Podczas prac nad przepisami o konfiskacie samochodów pijanym kierowcom w Sejmie doprecyzowano zapisy. Uszczegółowiono, że chodzi o przepadek „pojazdów mechanicznych”. To oznacza, że pijani rowerzyści nie będą tracić swoich pojazdów, choć te kosztują dziś także po kilka tysięcy złotych

Rowerzystka Fot. CC0
Nowelizacja Kodeksu karnego została pod koniec ubiegłego tygodnia przegłosowana przez sejmową Podkomisję do spraw nowelizacji prawa karnego.
Podczas obrad wprowadzono kilka poprawek. Jedna z ważniejszych dotyczyła tego, jakie pojazdy jakim kierującym będą konfiskowane za to, że prowadzili w stanie nietrzeźwości. Sejmowe Biuro Legislacyjne zwróciło uwagę, że w nowych zapisach pojawiły się sformułowania „pojazdy”. I zaproponowało, by ujednolicić wszędzie tę definicję do „pojazdów mechanicznych”. Tę poprawkę zaakceptowano.

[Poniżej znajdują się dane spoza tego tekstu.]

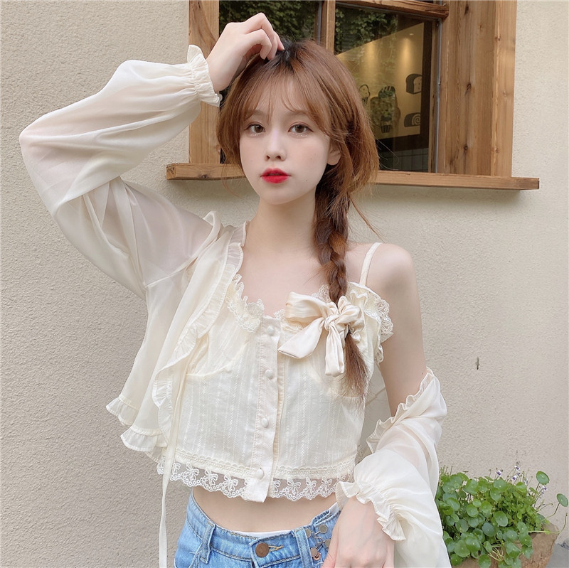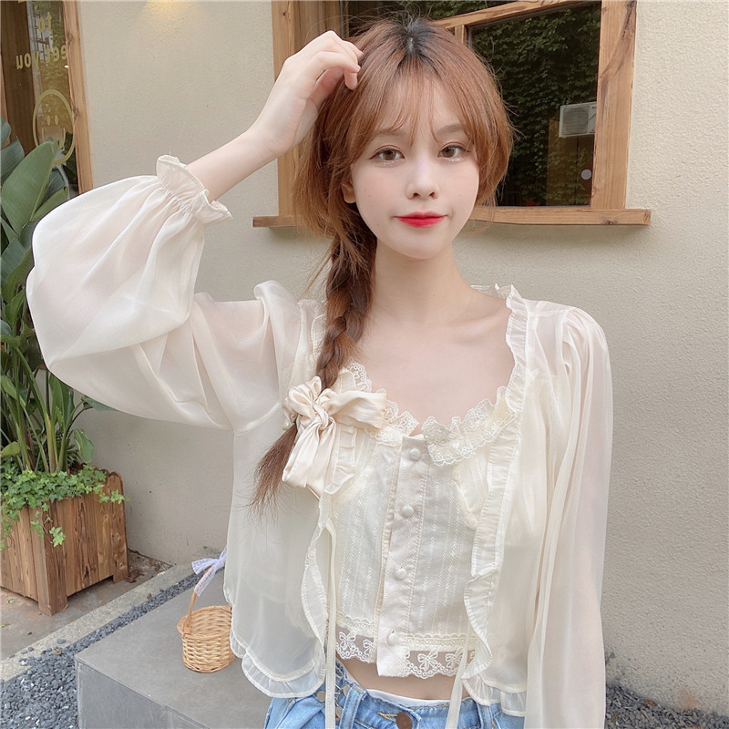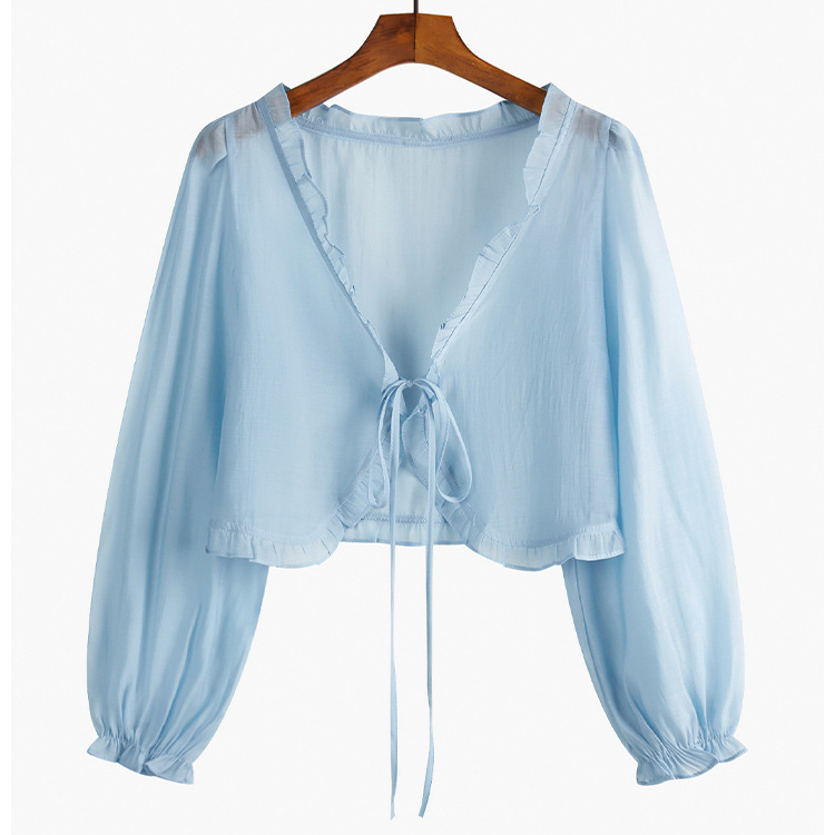 조심 기계 짧은 활 넥타이 업 작은 목도리 여자 2025 여름 느슨한 긴팔 올 매치 태양 보호 셔츠스토어 가기
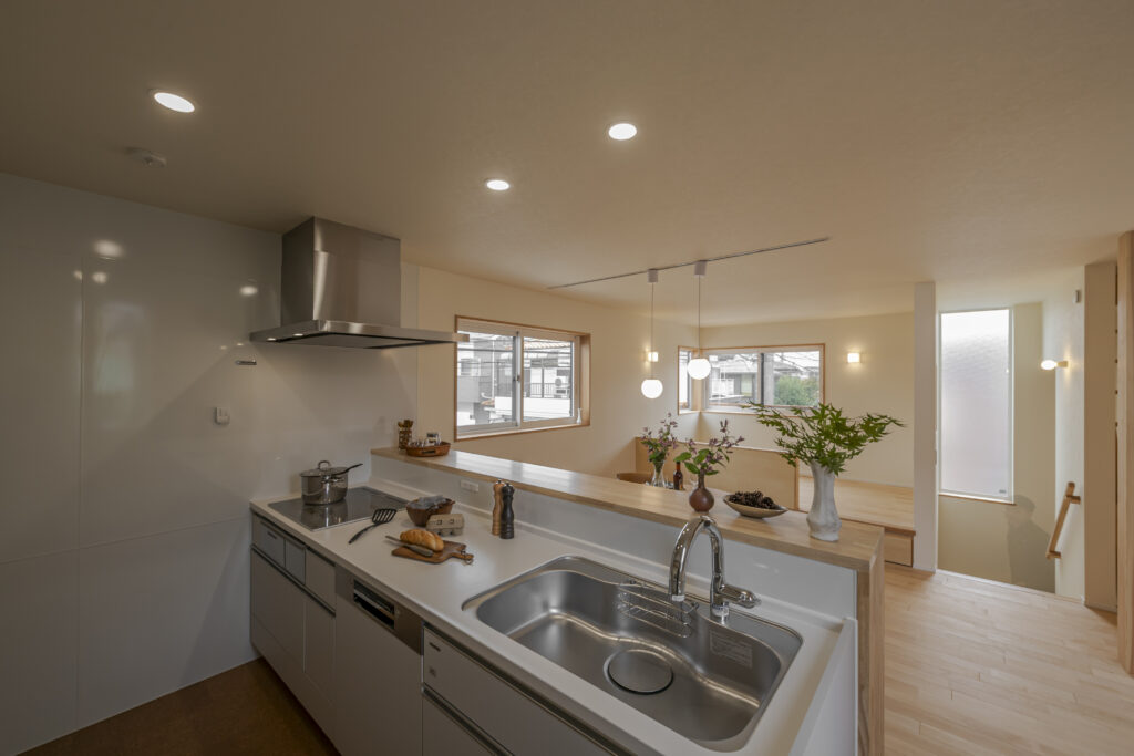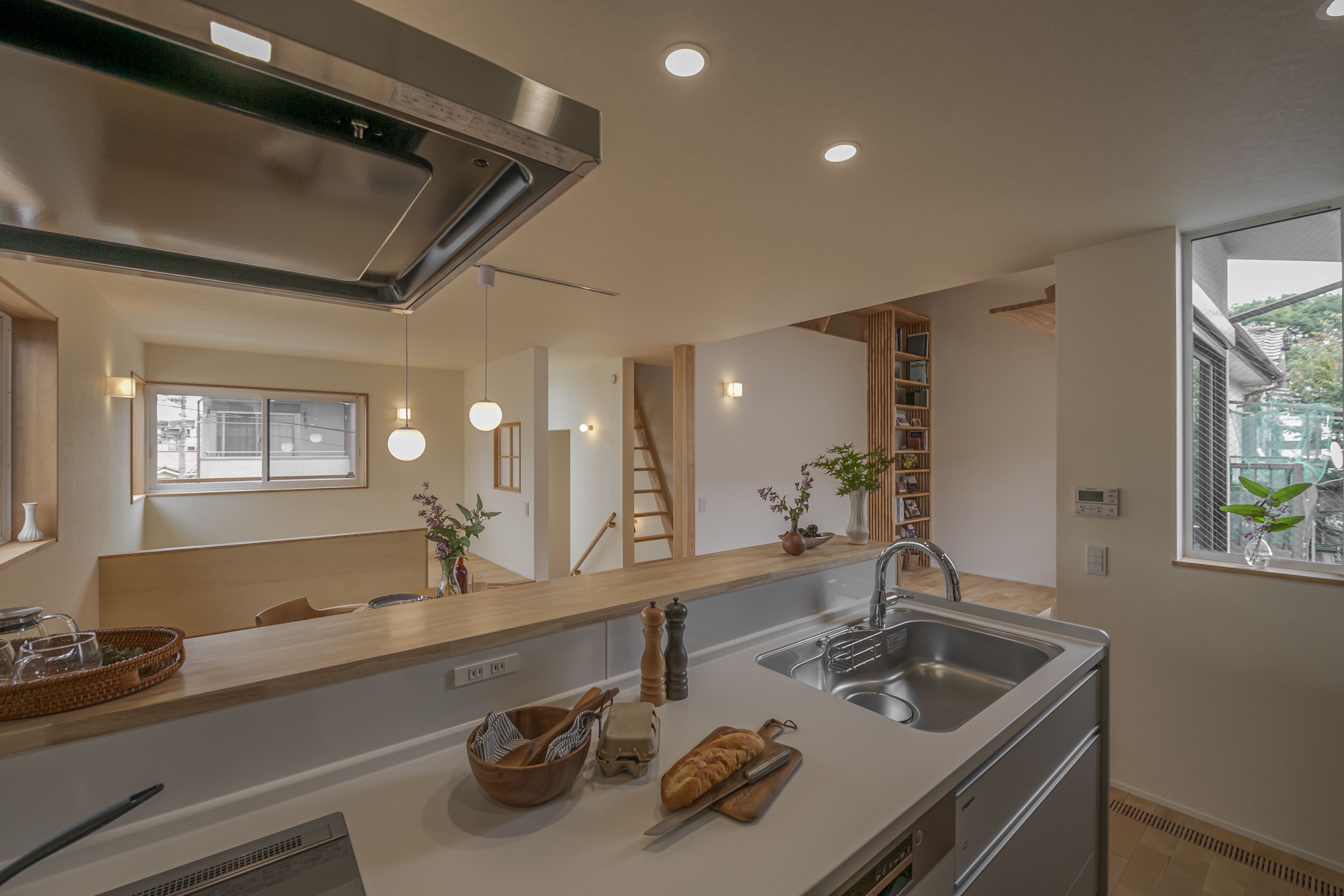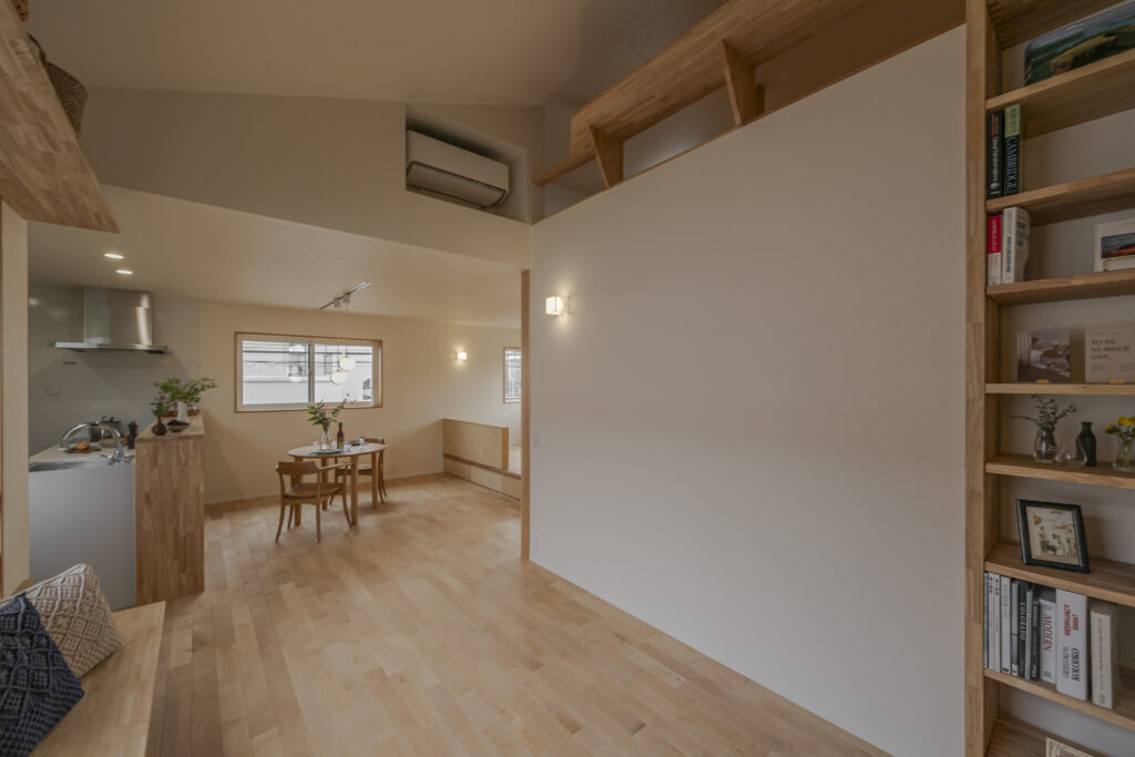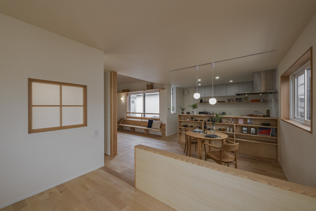 一続きのリビングダイニングには小上がり、大きな窓辺に面した広いベンチなど、オープンな空間のそこかしこに家族の居場所の生まれます。リビングに設えた本棚は小屋裏まで高く続き、小屋裏ではカウンターデスクを兼ねた、遊び心が感じられるデザインも見どころです。

Rower konfiskowany nie będzie
Co to oznacza w praktyce? Że konfiskata pojazdów dotyczyć będzie tylko sprawców przestępstw poruszających się pojazdami mechanicznymi. Na przepadek samochodu narażeni będą więc pijani kierowcy samochodów, maszyn rolniczych, motocykli, motorowerów i pojazdów szynowych.
Rowerzyści złapani pijani na rowerze nie będą tracić pojazdu, bo rower – nawet z silnikiem pomocniczym – w prawie uznawany jest za pojazd niemechaniczny. Nie stracą też pojazdów pijani kierowcy urządzeń transportu osobistego czy hulajnóg elektrycznych.
To może niektórych dziwić, bo rowery (także elektryczne) nierzadko kosztują obecnie tyle, co stary używany samochód. Jednak w konfiskacie pojazdów chodzić ma nie o dodatkową karę – a odbieranie narzędzia, którym pijany może wyrządzić innym szkodę na drodze.
Tu jest jasnym, dlaczego nowelizacja skupia się na pojazdach mechanicznych. W 2021 r. według statystyk Komendy Głównej Policji najwięcej wypadków spowodowali kierowcy będący „pod działaniem alkoholu”, którzy kierowali samochodami osobowymi (66, proc. wszystkich takich wypadków). Wprawdzie w tej statystyce na drugim miejscu są rowerzyści (11,2 proc.), którzy dwukrotnie częściej powodowali takie wypadki niż motocykliści (6,2 proc.) i trzykrotnie więcej niż kierowcy samochodów ciężarowych (4,4 proc.). Jednak w tych wypadkach rowerzyści najczęściej szkodzą samym sobie a nie osobom postronnym.
2 tys. zł mandatu dla pijanego rowerzysty
Od 1 stycznia w znowelizowanym taryfikatorze rząd mocno podniósł kary grzywny nakładane na pijanych rowerzystów. Teraz jazda w stanie nietrzeźwości rowerem to minimum 2 tys. zł mandatu.